Нужно действовать ровно наоборот, считал Димитров, — не пытаться сначала создавать революционные профсоюзы, а потом начинать борьбу за интересы рабочих, а разворачивать массовую борьбу, поскольку только в процессе практической работы революционные профсоюзы будут расти и превращаться в массовые организации.

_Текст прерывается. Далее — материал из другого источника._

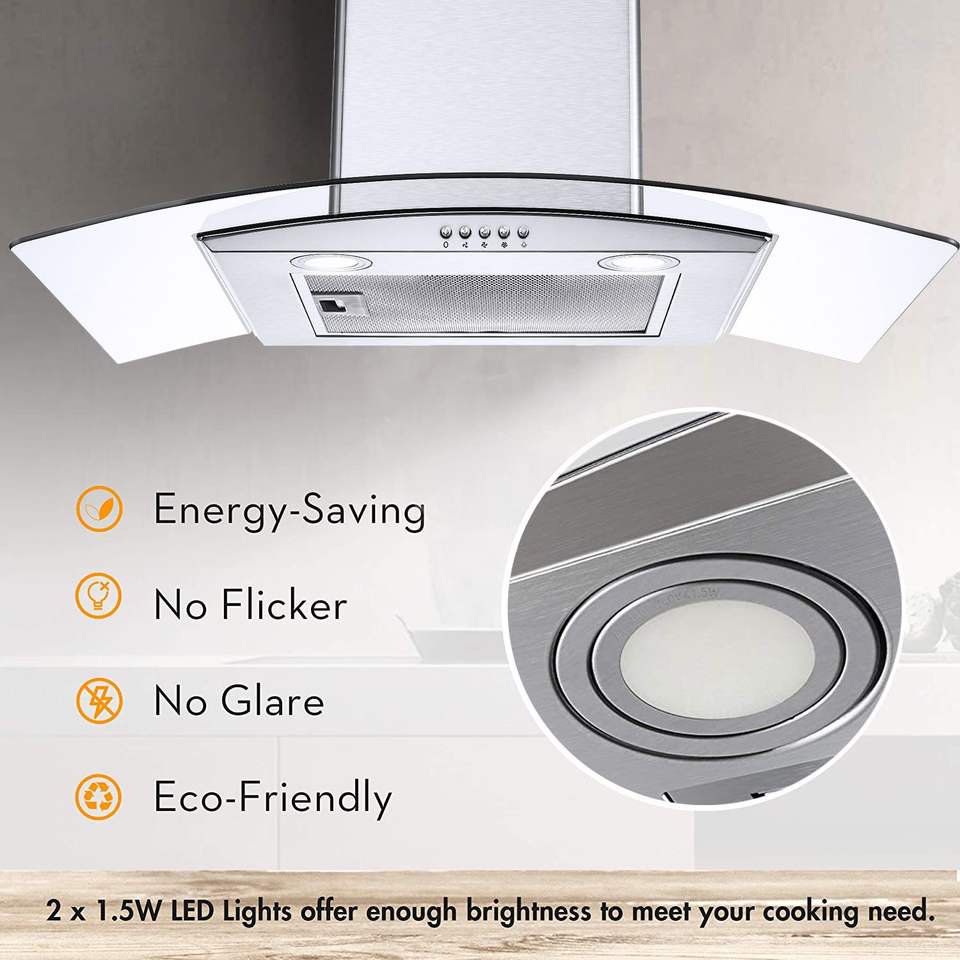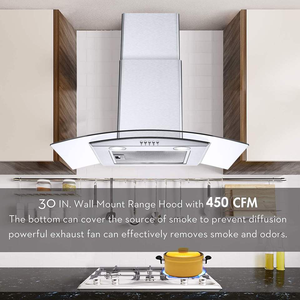 Cappa aspirante da parete da 30 pollici 450CFM in vetro temperato con ventilazione, ventola a 3 velocità e luci LED

Коммунистам следует сказать просто и ясно: «Рабочие, без различия партийной и организационной принадлежности, создавайте на основе пролетарской демократии собственные, вами сообща избранные боевые органы, принимайте коллективное решение о совместном боевом выступлении против грабежа зарплаты и пособий, против фашизма, полицейского и национал-социалистского террора, в защиту ваших рабочих прав, ваших организаций, ваших боевых позиций, вашей жизни и жизни ваших вождей».
На одном из заседаний ВЕБ Димитров признал: «Мы дали действительно слишком близкую перспективу для развития революционных боёв». Совершенно в духе Бухарина, обескуражено заявившего однажды, что «проклятая социал-демократия всё ещё существует», он добавил: «Мы недооценили способность социал-демократической партии маневрировать в этой сложной ситуации. Мы недооценили влияние, связь и проникновение социал-демократической партии в социал-демократические рабочие массы». Через пять лет этот тезис почти дословно будет повторён в его письме Сталину, положившему начало переменам в политике Коминтерна.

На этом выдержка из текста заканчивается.